In a flash, the Hon. William Alexander Bustamante--Minister of Communications, pistol-toting boss of "Bustamante's Industrial Trade Unions," and leader of the majority Labor Party--was on his feet, his white mane bristling. "I appeal to Mr. Speaker," he roared, "for the withdrawal of the word twist. I refuse to allow anyone to make an imputation against my irreproachable character!"
"Goodbye." The speaker mumbled a ruling. "Mr. Speaker has ruled that the word is in order," snapped Bustamante, glowering at the member from East Westmoreland. "There is only one twisted person here. You. Goodbye." As he strode from the chamber, he called on his party's eight representatives to follow him. All except Education Minister Jehoida Augustus McPherson did.
"McPherson," Bustamante called, "come out or leave my party." McPherson hesitated. "McPherson!" bellowed Bustamante. "I said come out or leave my party!" McPherson gathered up his papers and obediently scurried out.
"God & Me." Jamaicans had long since learned to expect such antics from their gaunt, cyclonic Communications Minister. Once a Manhattan waiter, he returned to his native island to win fortune as a moneylender and fame as the rabble-rousing leader of dock-wallopers and cane-choppers.
His followers learned to obey him unquestioningly in the bloody hunger riots of 1938, which he organized with his Oxford-educated cousin, brilliant, socialist Barrister Norman Washington Manley, K.C. At rallies, Busta had only to raise his hand to get either wild cheering or deadly silence. "If there is anyone infallible," he once told his followers, "it is only me--only God and me."
"I Am Rich." By last week, however, a good many Jamaicans had concluded that infallibility is a big word. Busta had promised more jobs, better prices, and increased incentives for farm production. Instead, while the cost-of-living index zoomed (up 300% since 1939), wages lagged. Last week some 150,000 Jamaicans (total population: 1,320,000) were unemployed, and many poor families had taken to living in old automobile bodies.

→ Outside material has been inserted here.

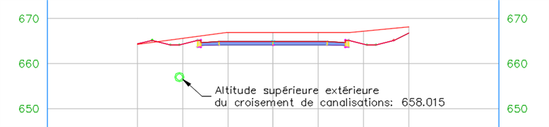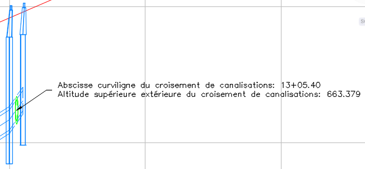 Si le croisement de canalisation est déplacé vers une autre abscisse curviligne le long de l'axe, l'étiquette sera mise à jour avec les nouvelles informations d'abscisse curviligne et d'altitude.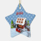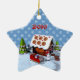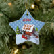 This design features an illustrated Gingerbread House with candies and cookies, a snowman, snow tipped trees and a sleigh full of gifts.

Worst of all, Barrister Manley, with whom Busta had split a decade ago, was seriously threatening both his unions and the Labor Party. Bustamante's unions had sagged from 75,000 to 45,000 members. Manley's anti-Communist People's National Party was openly boasting that it would sweep Busta out of office in next year's elections, and Manley himself seemed to rate high with the British Labor government's Colonial Office.
Worried, Busta huffed about Manley's "Communist monsters," then grew indifferent and plaintive by turns. "If I am not returned," he told the House disdainfully, "I will retire and get rid of all this bother, because I am rich."